Boosting security of buildings an ongoing exercise, industry professionals say

Boosting security of buildings an ongoing exercise, industry professionals say
The Nightingale T025 drone has an operational radius of 4km, and can fly non-stop for 30 minutes to carry out surveillance, before returning to its base station to recharge for the next 45 minutes. It is one of the gadgets on exhibition at The Architecture and Building Services 2017 Series. Photo: Valerie Koh/TODAY
Published: 11:25 PM, October 4, 2017
Updated: 12:30 AM, October 5, 2017

SINGAPORE — Facility management and security professionals are aware of the growing concerns over terrorism and have already been taking steps to enhance building security standards over the years. These include putting in place surveillance systems, keeping a record of visitors and conducting regular drills.

Members of the building and facilities management industries made these points on Wednesday (Oct 4) at the 4th International Facility Management Conference, as participants sought to address the challenges facing their industries. The event was held at Marina Bay Sands.

Just this week, Parliament passed a new law to mandate that security features be incorporated into selected buildings as protection against terror threats.

The Infrastructure Protection Bill, passed on Monday, makes it a legal requirement for certain buildings to incorporate security features during construction or renovation, also known as security-by-design. These features could be blast-resistant walls, vehicle barriers, and surveillance cameras.

These buildings will typically be those that house essential services, are iconic, or have high human traffic.

Mr Tony Khoo, president of the International Facility Management Association (Singapore), said that compared to its regional counterparts, Singapore has been progressive in adopting security-by-design.

This is due in part to multi-national corporations (MNCs) introducing security requirements from their home country to Singapore when they set up office here.

Larger facility management companies organise regular terror drills, and practise sealing off a building in the event of a chemical attack, he said.

Speaking at the conference on Wednesday, Mr Desmond Choo, Member of Parliament for Tampines GRC, stressed that security threats and attacks are increasingly becoming the norm. The recent mass shooting in Las Vegas is an example.
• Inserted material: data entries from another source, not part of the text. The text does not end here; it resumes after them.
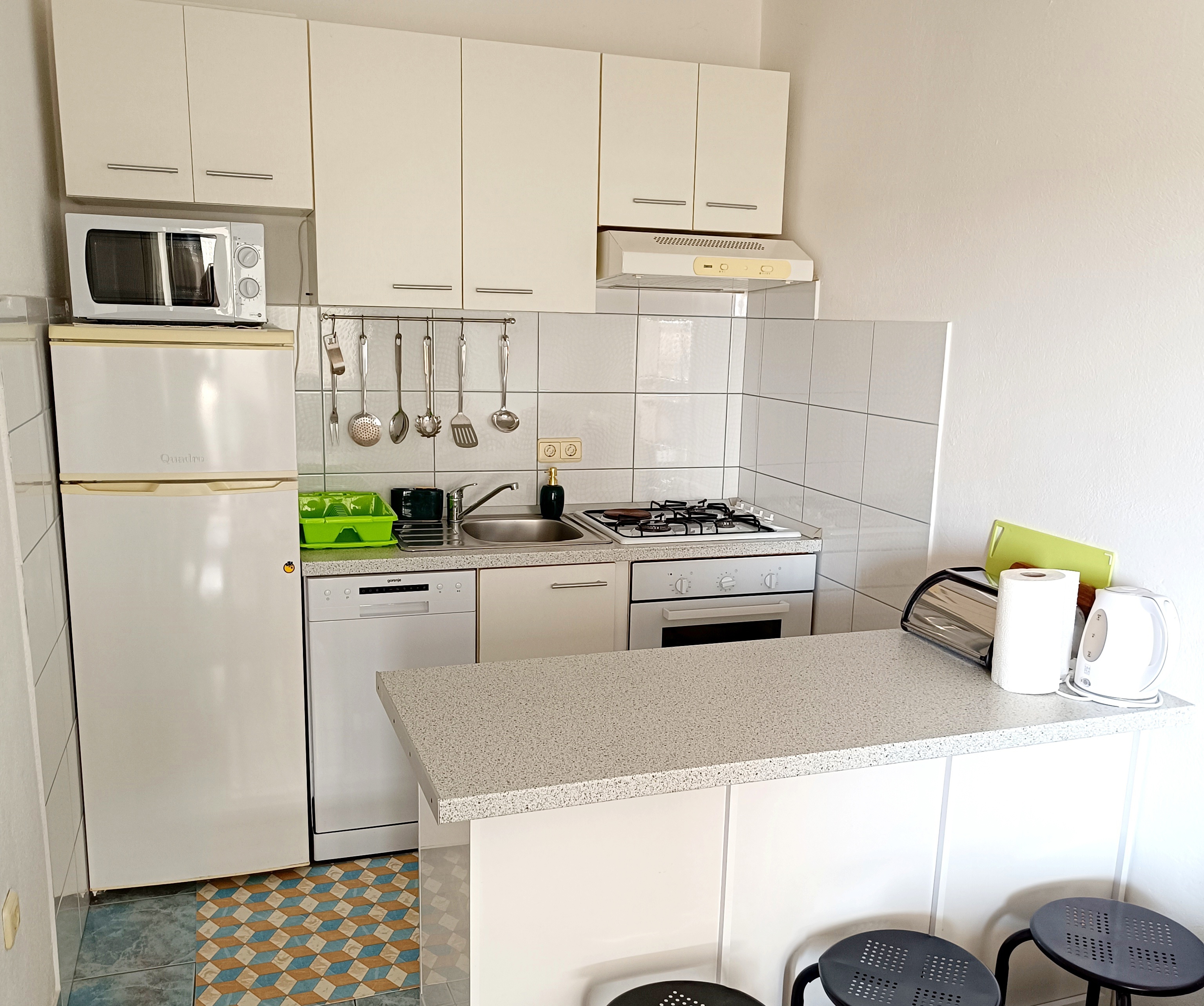 Apartment can accommodate 3 guests. Beds are situated in 1 sleeping rooms, but also in the living room, within 46m2. Guests can use a private terrace to enjoy the warm summer evenings. The apartment offers the sea view. Food can be prepared using barbecue which is shared with other guests too. INCLUDED IN THE PRICE: tourist tax, final cleaning, air-conditioning, parking, internet, iron, ironing board, hairdryer. OPTIONAL ADDITIONAL COSTS: laundry (€5.00 washing). The availability of additional services for your chosen dates of stay, as well as their prices (if none are listed) must be checked ahead of time. Any additional services not shown in the price calculation are payable directly to the property owner and only if used by the visitor.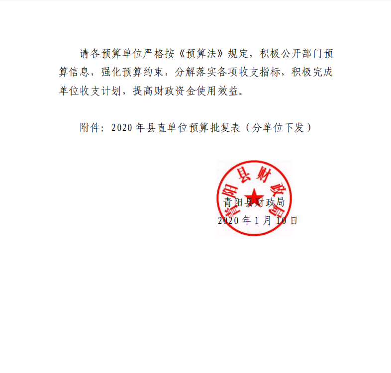 名稱: 青陽縣民政局2020年預算指標批復公示 文號: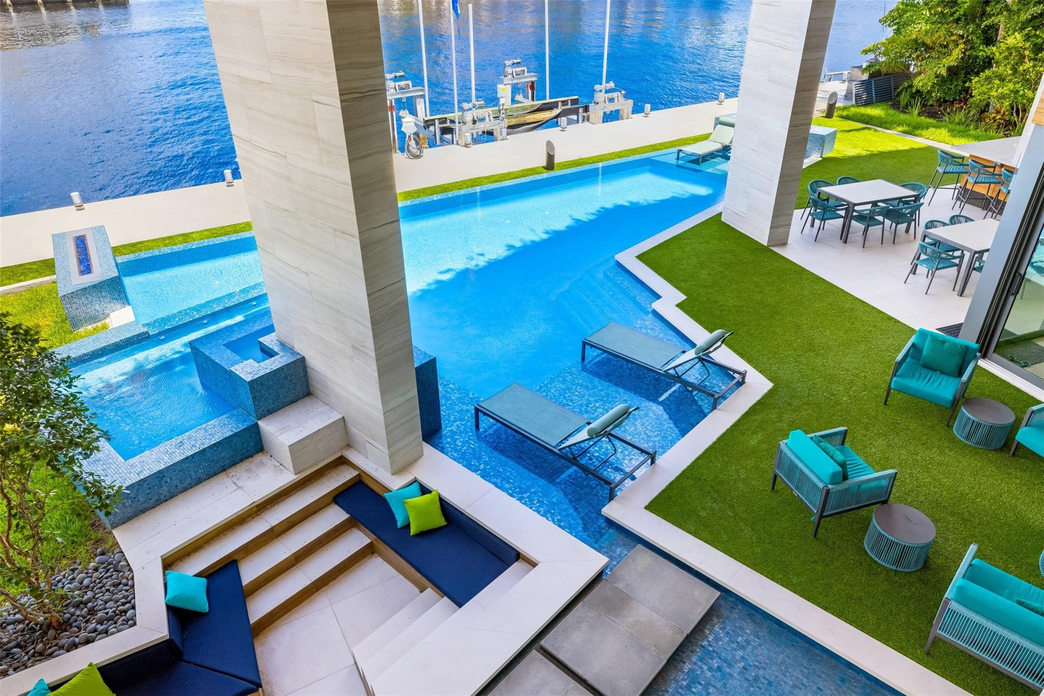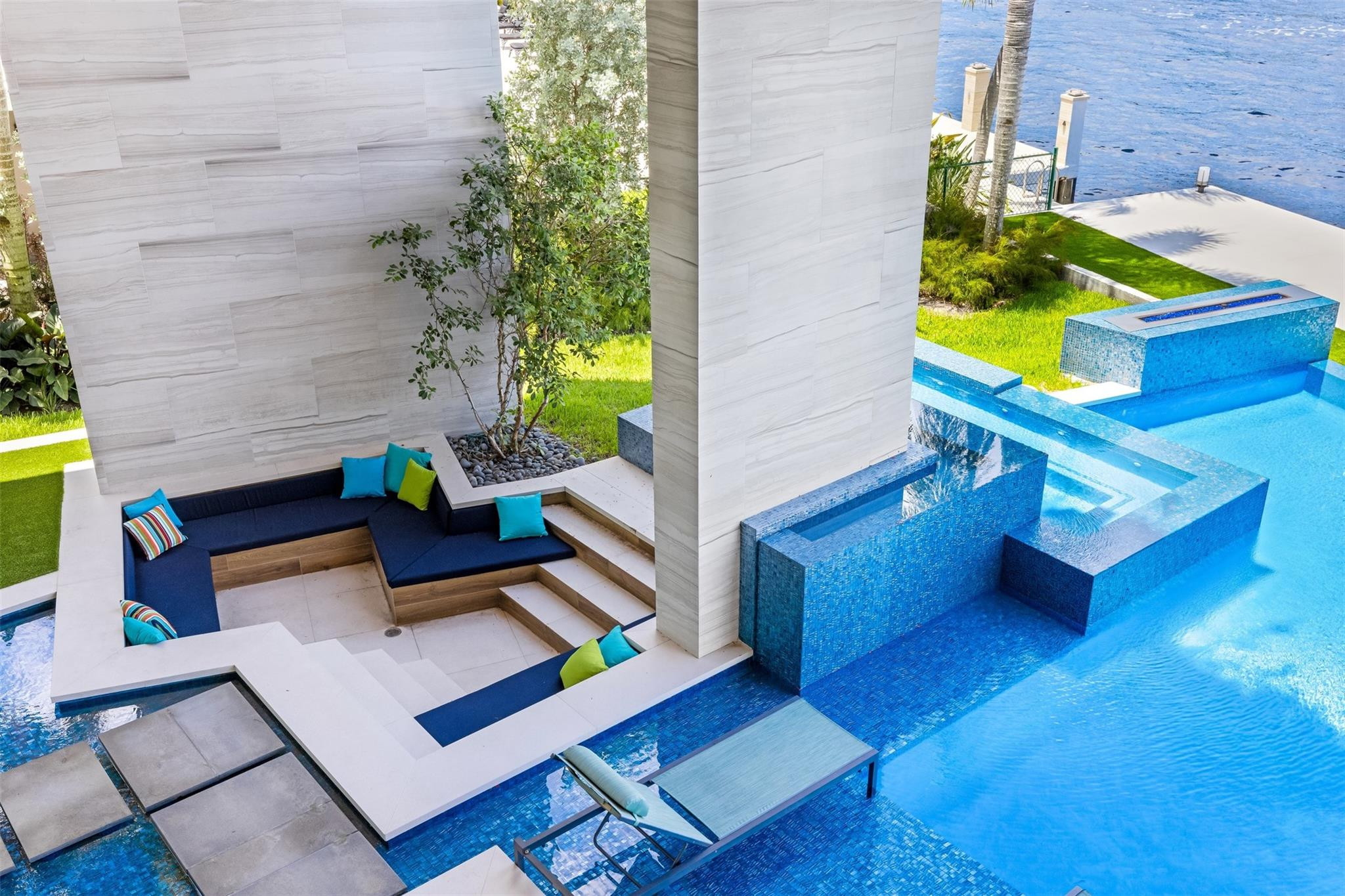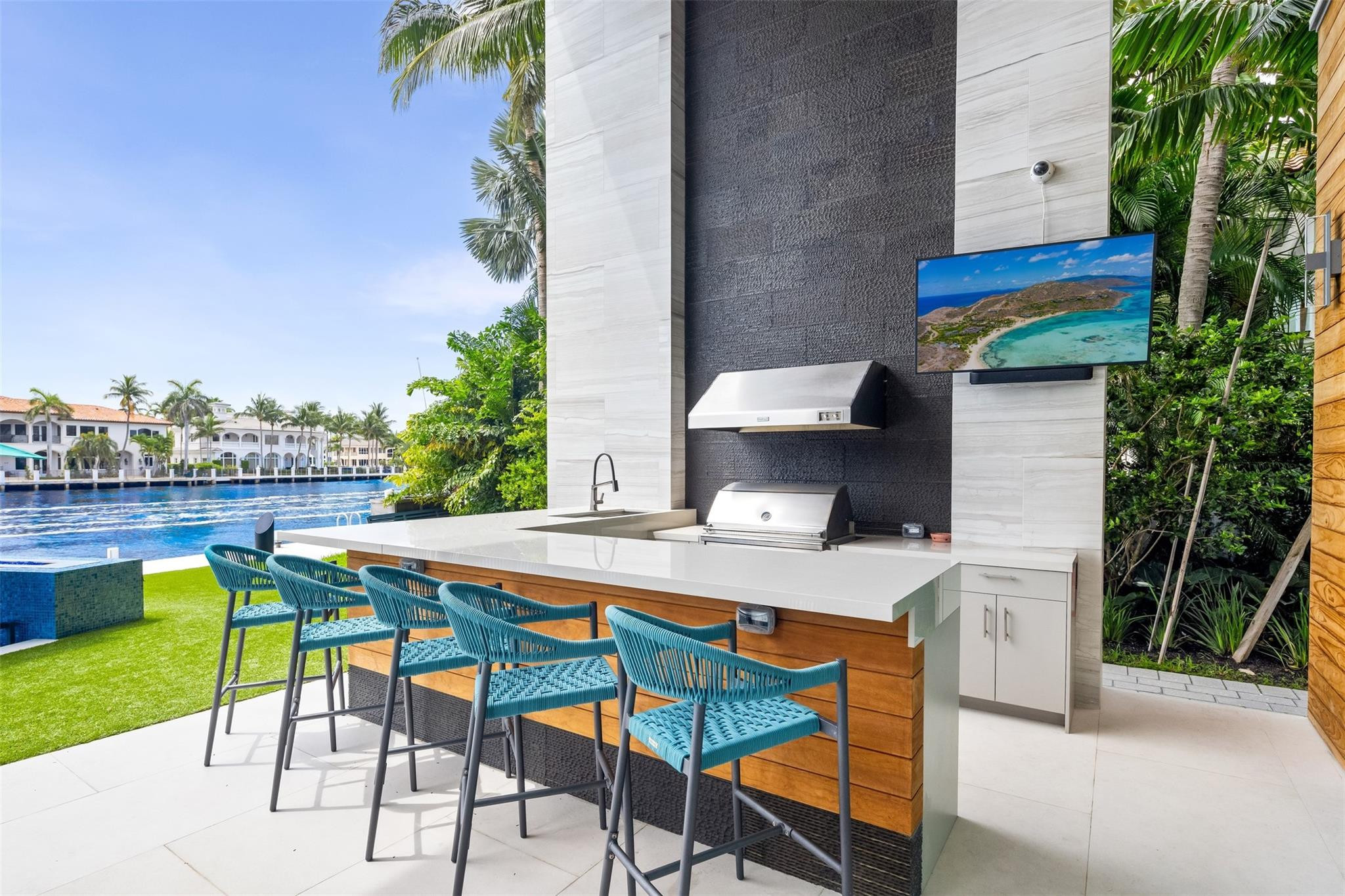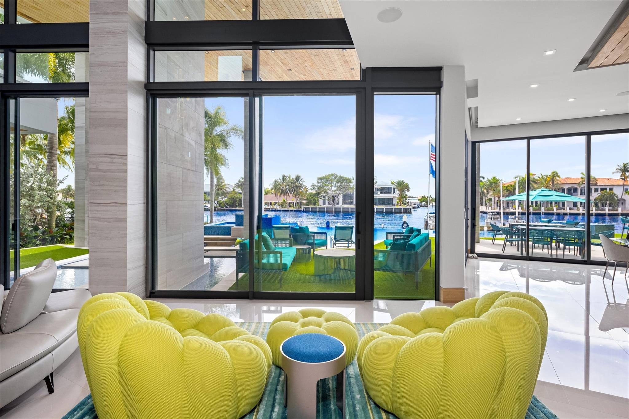 Step into luxury at this new, contemporary waterfront estate located in the secure & sought after Sea Ranch Lakes. Enter through a custom 10-foot front pivot door, find a three-story Floating Glass and Wood staircase, great room w soaring ceilings & book-matched Marble fireplace, 280-bottle temp controlled wine room & office. Chef's kitchen features double book-matched granite islands w hidden Butler's pantry. Upstairs, find 3 guest suites w Italian closets, lounge area w bar & two large terraces. Third floor is dedicated to the Primary suite w lounge area, gym, fireplace, expansive bath w Italian marble & his/hers closets, roof deck w over 1600SF & 360 degree views. Meticulously designed outdoor w summer kitchen, infinity edge pool w spa, 60K boat lift & 113' direct Intracoastal frontage.

“There will be greater demands on security by residents and tenants that may stay in the building,” he said. “Designing with security in mind will help to save lives and also reduce longer-term security costs.”



Mr Isaach Choong, managing director of AIP Risk Consulting, a global security and risk consulting services firm, said that the role of facility managers would have to evolve to adapt to changing methods used by terrorists.

Risk and security management has become essential to an organisation, and facility managers running day-to-day operations would play a crucial role in counter-terror strategies, starting with identifying possible targets such as a prominent tenant in the building or a landmark next door, he added.

“Facility managers should not only consider terrorism as a ‘people risk’. The wider impact to reputation, disruption to operations, and financial loss should also be considered,” he said.

Beyond risk management, the efficiency of operations and cost benefits will have to be evaluated as well. Mr Khoo said that security measures could add to costs for building owners or developers.

For instance, placing restrictions on vehicular access to a building may mean that passengers have to alight further away. “Do we have to build covered walkways (for) them?” he asked.

The life-cycle cost of incorporating new technology is another issue. Facility managers may not have the know-how to use the technology, and bringing in specialists to do so would add to spending.



At the conference, various security technologies ranging from drones to facial recognition technologies were showcased. Among them was a metal detector from South Korea.

The Mago Snooper consists of a pair of compact waist-level poles, and is as powerful as traditional doorframe metal detectors. It costs around S$4,000 for both poles, whereas a doorframe model would cost around S$7,000 to S$8,000.

Mr Nelson Tee, managing director of Chh Construction System, a construction and security installations company, observed that the poles are less intrusive. “You don’t feel like you’re forced to go through a doorframe. It’s not nice for certain important visitors who have to walk through a doorframe and they have to take out their (personal belongings).”

Another item is the Nightingale Security T025 drone, with a flight time of 30 minutes. It can be programmed to take off, patrol and land autonomously. It comes with a base station, and can be recharged wirelessly once docked. Brought in last month from the United States by electronic security equipment firm Dou Yee Engineering, the drone can be used to survey critical infrastructure or commercial buildings with an operational radius of 4km.